Give back an exact copy of the listing that follows, without the pictures.

──────── RECORDS TO USE

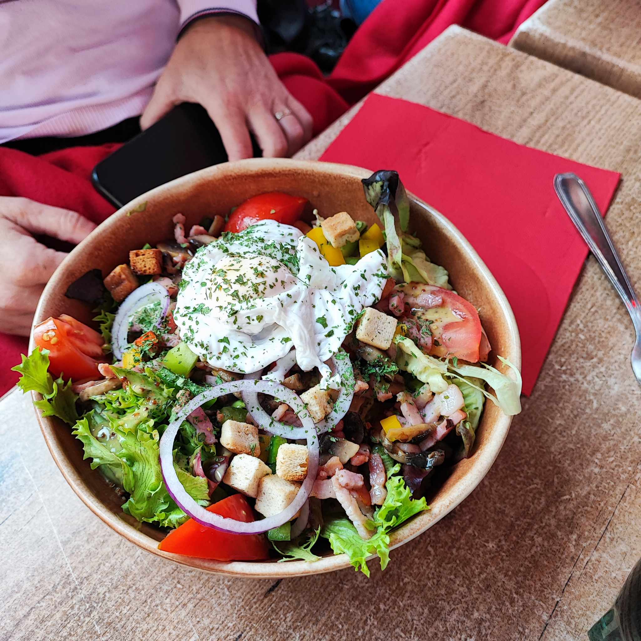 Très bon repas pris en terrasse : grandes salades originales et copieuses, dessert du jour succulent ! Personnel aimable et souriant . Et très appréciable le service à toute heure . On reviendra
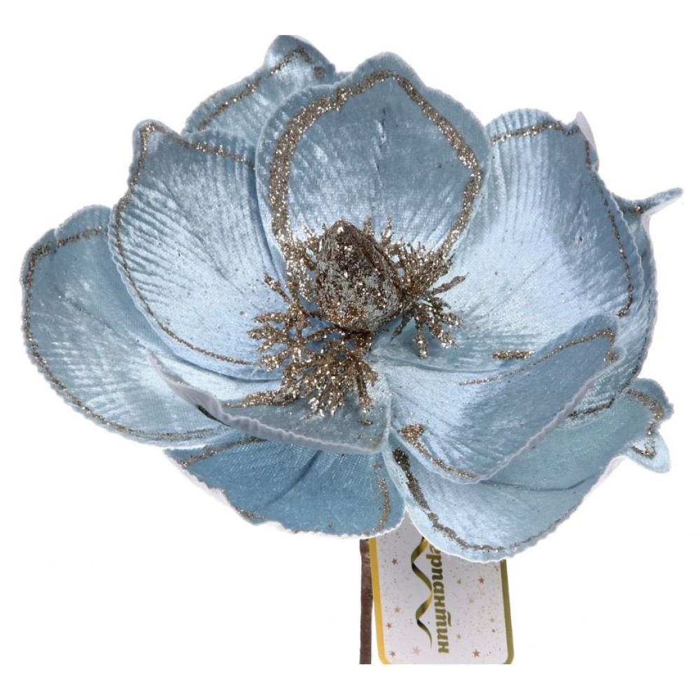 Украшение новогоднее пластик 21 см голубой Пуансеттия Симфония
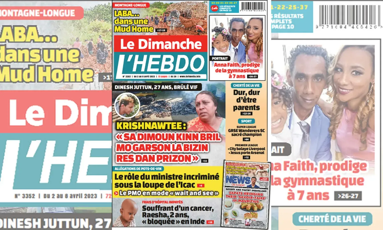 Image ? Voici la Une de Le Dimanche/L'Hebdo. Le journal est en vente à Rs 20 l'exemplaire aux endroits habituels (supermarchés, boutiques, tabagies, superettes). Bonne lecture ! Publicité View the discussion thread.
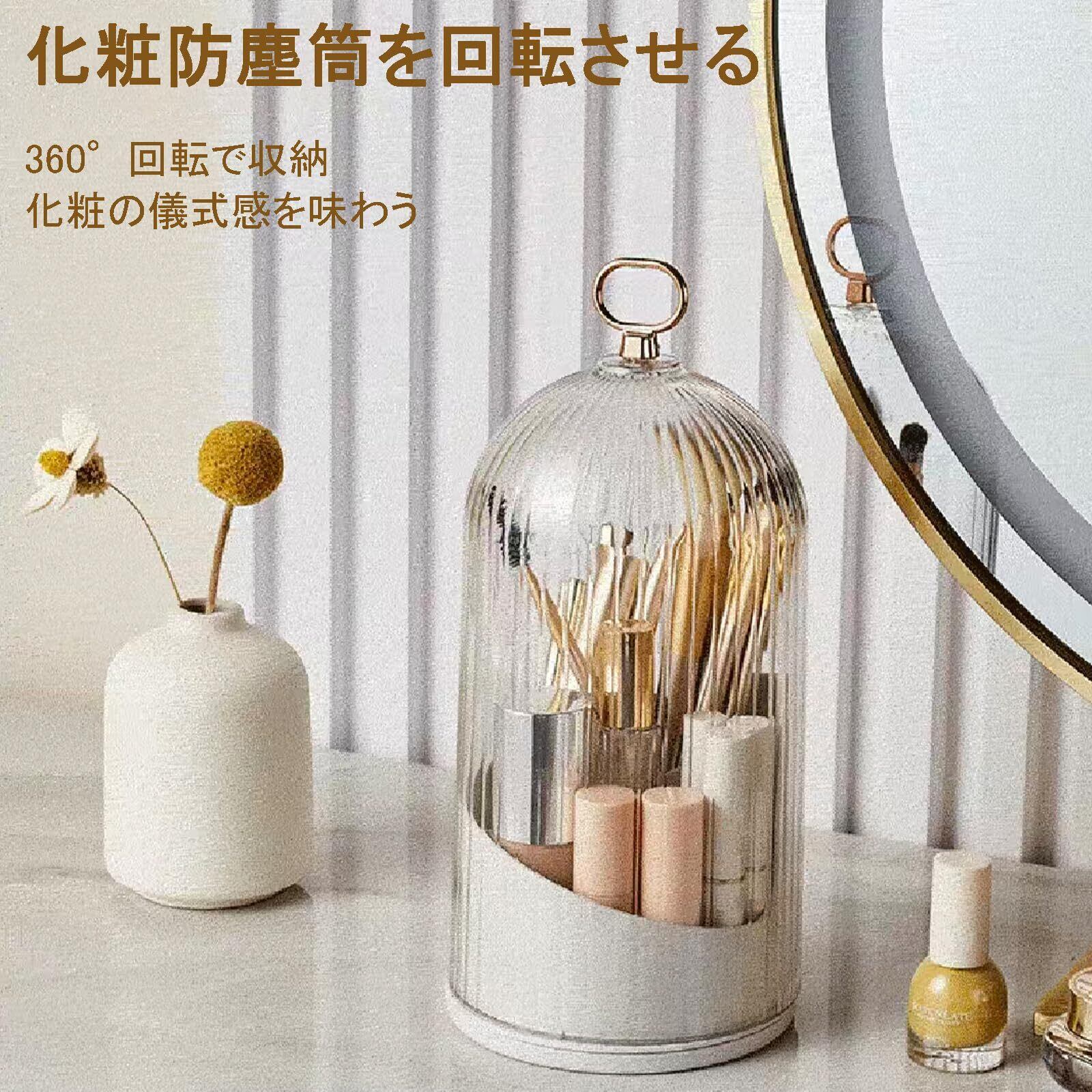 メイクブラシボックス メイク収納 蓋付き メイクブラシケース 360°回転 透明 防水防塵 クリア 収納ケース 大容量 化粧ブラシ整理 ケース ホームメイクアップ整理 メイクブラシスタンド(ホワイト)
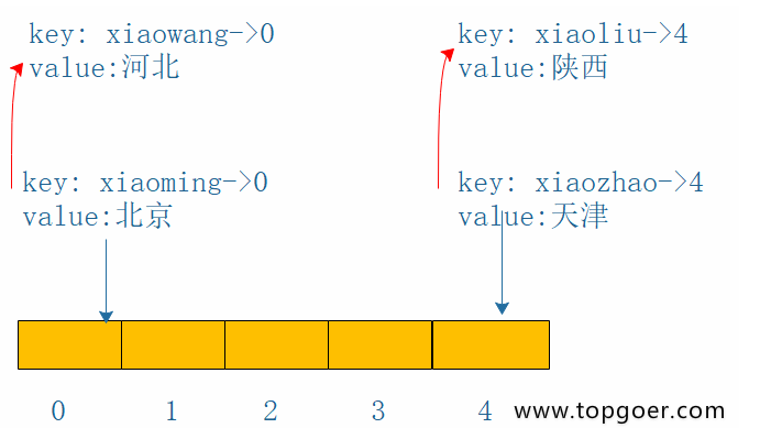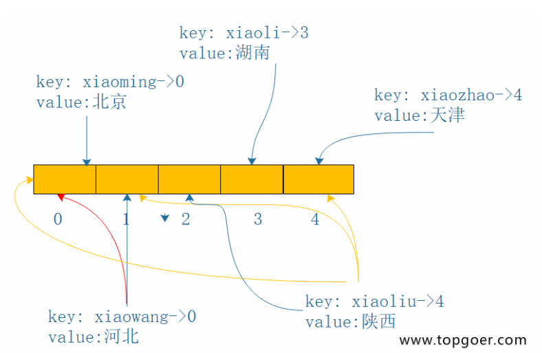 如下图:首先存储key=xiaoming在下标0处,当存储key=xiaowang时,hash冲突了,按照线性探测,存储在下标1处,(红色的线是冲突或者下标已经被占用了)
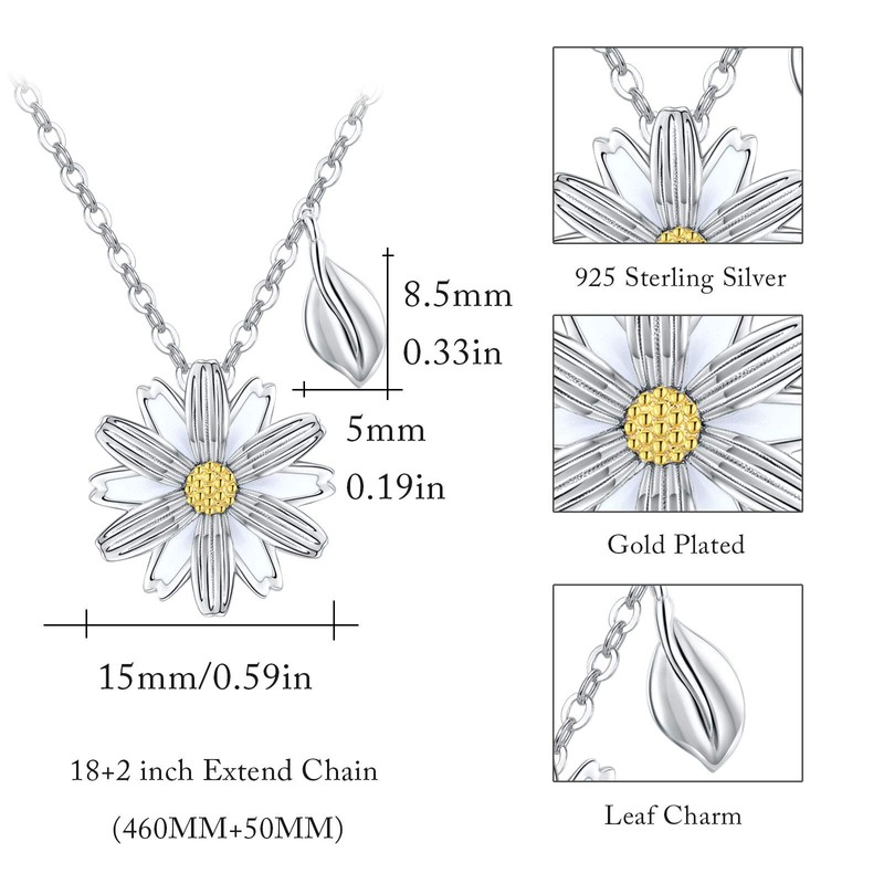 Daisy Necklace for Women 925 Sterling Silver Leaf Necklace Daisy Flower Charm Pendant Necklace for Women Girls Friends
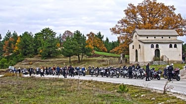 Then, I witnessed one of the most beautiful sights of my life: Dozens of motorcycles winding down the rugged, treeless slopes of the Pindus. From high above, the trail of moving lights against the dark rock was breathtaking—a constellation of stars descending the mountain.
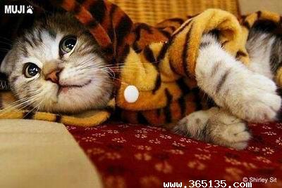 水瓶座貓貓最喜歡搞搞新意思,鉆到紅色毛線(xiàn)里的它還不忘擺個(gè)最酷的POSS。
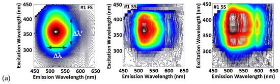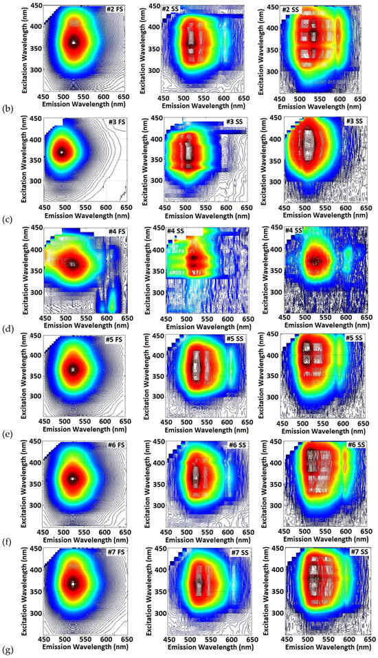 Topographic view of the 3D excitation emission luminescence spectra as measured by the fiber spectrometer (FS)—left images and by a smartphone spectrometer (SS)—middle and right: (a) #1; (b) #2; (c) #3; (d) #4; (e) #5; (f) #6; (g) #7.
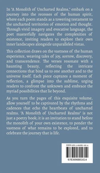 In "A Monolith of Uncharted Realms," embark on a journey into the recesses of the human spirit, where each poem stands as a towering testament to the uncharted territories of emotion and thought. Through vivid imagery and evocative language, the poet masterfully navigates the complexities of existence, inviting readers to explore their own inner landscapes alongside unparalleled vistas. This collection draws on the vastness of the human experience, weaving tales of joy, sorrow, discovery, and transcendence. The verses resonate with a haunting beauty, reflecting the intricate connections that bind us to one another and to the universe itself. Each piece captures a moment of reflection, a glimpse into the sublime, urging readers to confront the unknown and embrace the myriad possibilities that lie beyond. As you turn the pages of this exquisite volume, allow yourself to be captivated by the rhythms and cadences that echo the heartbeats of uncharted realms. "A Monolith of Uncharted Realms" is not just a poetry book; it is an invitation to stand before the monolith of your own existence, to ponder the vastness of what remains to be explored, and to celebrate the journey that is life.
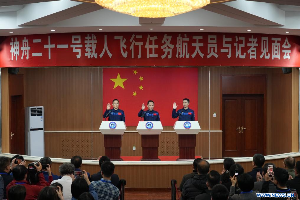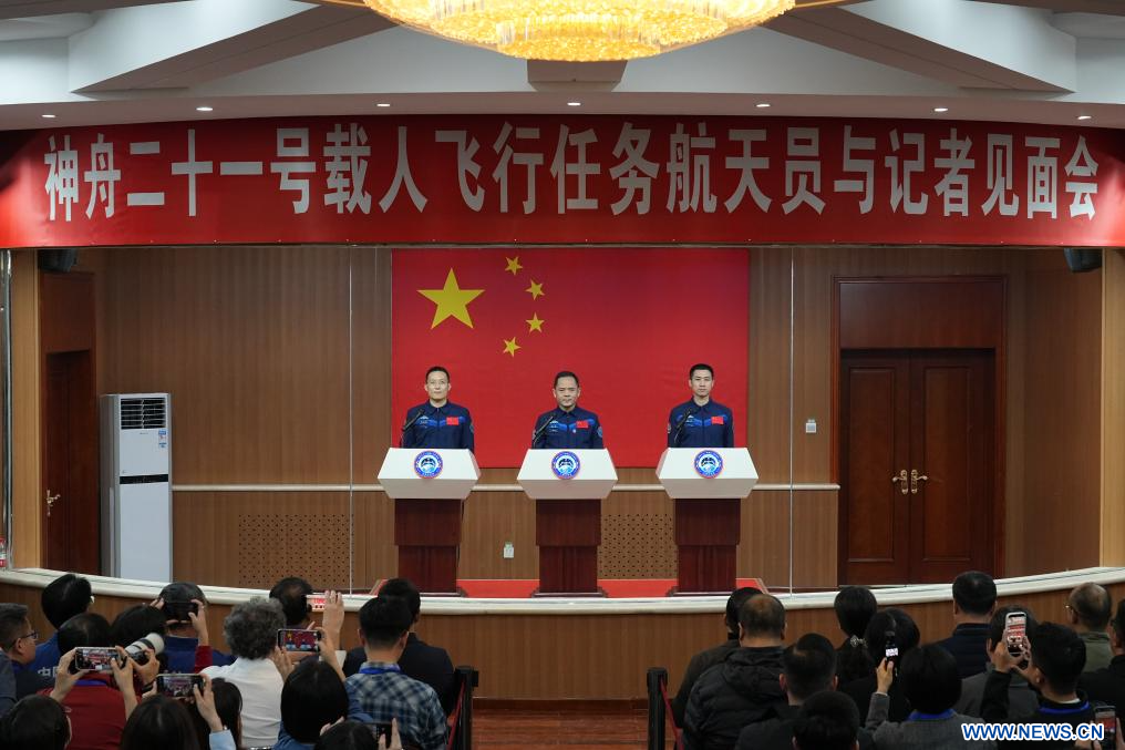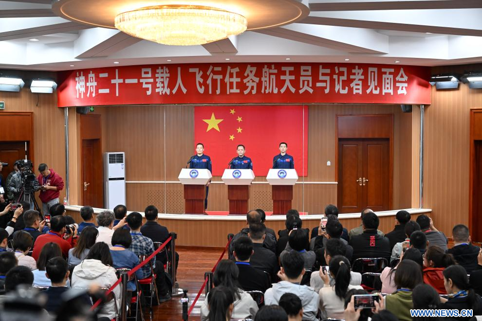 JIUQUAN, 30 octobre (Xinhua) -- Les astronautes chinois Zhang Lu, Wu Fei et Zhang Hongzhang, qui participeront à la mission spatiale prochaine Shenzhou-21, ont rencontré la presse jeudi.
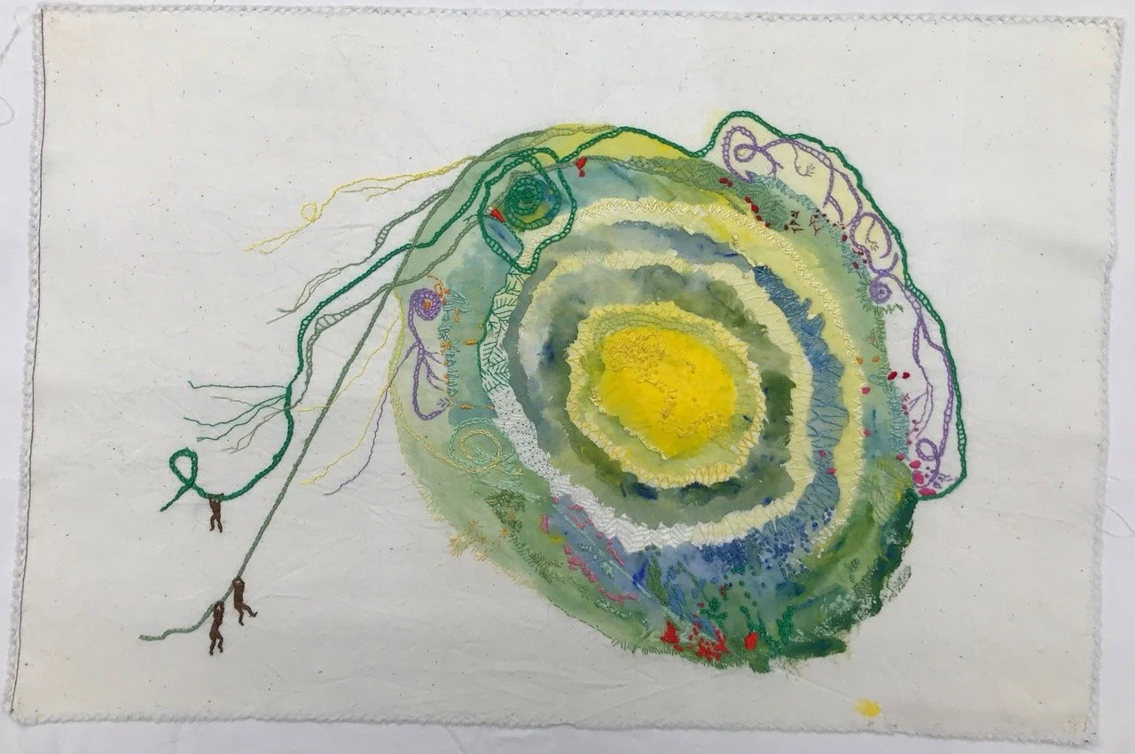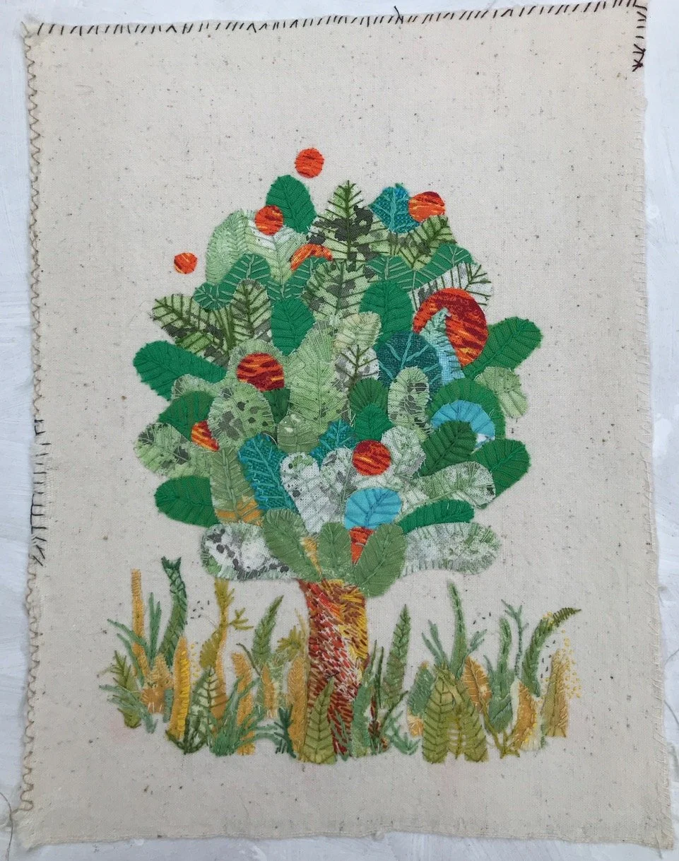 Jag älskar färg. Jag har samlat på mig en hel del tyger, färger, trådar och brodergarner genom åren. Jag målar, färgar in eller skapar mönster med färgerna på tygerna. Sedan har jag massor av material att inspireras av och jobba vidare med. Nya idéer måste prövas och ingenting blir det andra likt. Inga lappar är för små eller trådar för korta för att inte kunna användas i någon bild.

────────────────

# ANSWER SPACE:
 Très bon repas pris en terrasse : grandes salades originales et copieuses, dessert du jour succulent ! Personnel aimable et souriant . Et très appréciable le service à toute heure . On reviendra
 Украшение новогоднее пластик 21 см голубой Пуансеттия Симфония
 Image ? Voici la Une de Le Dimanche/L'Hebdo. Le journal est en vente à Rs 20 l'exemplaire aux endroits habituels (supermarchés, boutiques, tabagies, superettes). Bonne lecture ! Publicité View the discussion thread.
 メイクブラシボックス メイク収納 蓋付き メイクブラシケース 360°回転 透明 防水防塵 クリア 収納ケース 大容量 化粧ブラシ整理 ケース ホームメイクアップ整理 メイクブラシスタンド(ホワイト)
 如下图:首先存储key=xiaoming在下标0处,当存储key=xiaowang时,hash冲突了,按照线性探测,存储在下标1处,(红色的线是冲突或者下标已经被占用了)
 Daisy Necklace for Women 925 Sterling Silver Leaf Necklace Daisy Flower Charm Pendant Necklace for Women Girls Friends
 Then, I witnessed one of the most beautiful sights of my life: Dozens of motorcycles winding down the rugged, treeless slopes of the Pindus. From high above, the trail of moving lights against the dark rock was breathtaking—a constellation of stars descending the mountain.
 水瓶座貓貓最喜歡搞搞新意思,鉆到紅色毛線(xiàn)里的它還不忘擺個(gè)最酷的POSS。
 Topographic view of the 3D excitation emission luminescence spectra as measured by the fiber spectrometer (FS)—left images and by a smartphone spectrometer (SS)—middle and right: (a) #1; (b) #2; (c) #3; (d) #4; (e) #5; (f) #6; (g) #7.
 In "A Monolith of Uncharted Realms," embark on a journey into the recesses of the human spirit, where each poem stands as a towering testament to the uncharted territories of emotion and thought. Through vivid imagery and evocative language, the poet masterfully navigates the complexities of existence, inviting readers to explore their own inner landscapes alongside unparalleled vistas. This collection draws on the vastness of the human experience, weaving tales of joy, sorrow, discovery, and transcendence. The verses resonate with a haunting beauty, reflecting the intricate connections that bind us to one another and to the universe itself. Each piece captures a moment of reflection, a glimpse into the sublime, urging readers to confront the unknown and embrace the myriad possibilities that lie beyond. As you turn the pages of this exquisite volume, allow yourself to be captivated by the rhythms and cadences that echo the heartbeats of uncharted realms. "A Monolith of Uncharted Realms" is not just a poetry book; it is an invitation to stand before the monolith of your own existence, to ponder the vastness of what remains to be explored, and to celebrate the journey that is life.
 JIUQUAN, 30 octobre (Xinhua) -- Les astronautes chinois Zhang Lu, Wu Fei et Zhang Hongzhang, qui participeront à la mission spatiale prochaine Shenzhou-21, ont rencontré la presse jeudi.
 Jag älskar färg. Jag har samlat på mig en hel del tyger, färger, trådar och brodergarner genom åren. Jag målar, färgar in eller skapar mönster med färgerna på tygerna. Sedan har jag massor av material att inspireras av och jobba vidare med. Nya idéer måste prövas och ingenting blir det andra likt. Inga lappar är för små eller trådar för korta för att inte kunna användas i någon bild.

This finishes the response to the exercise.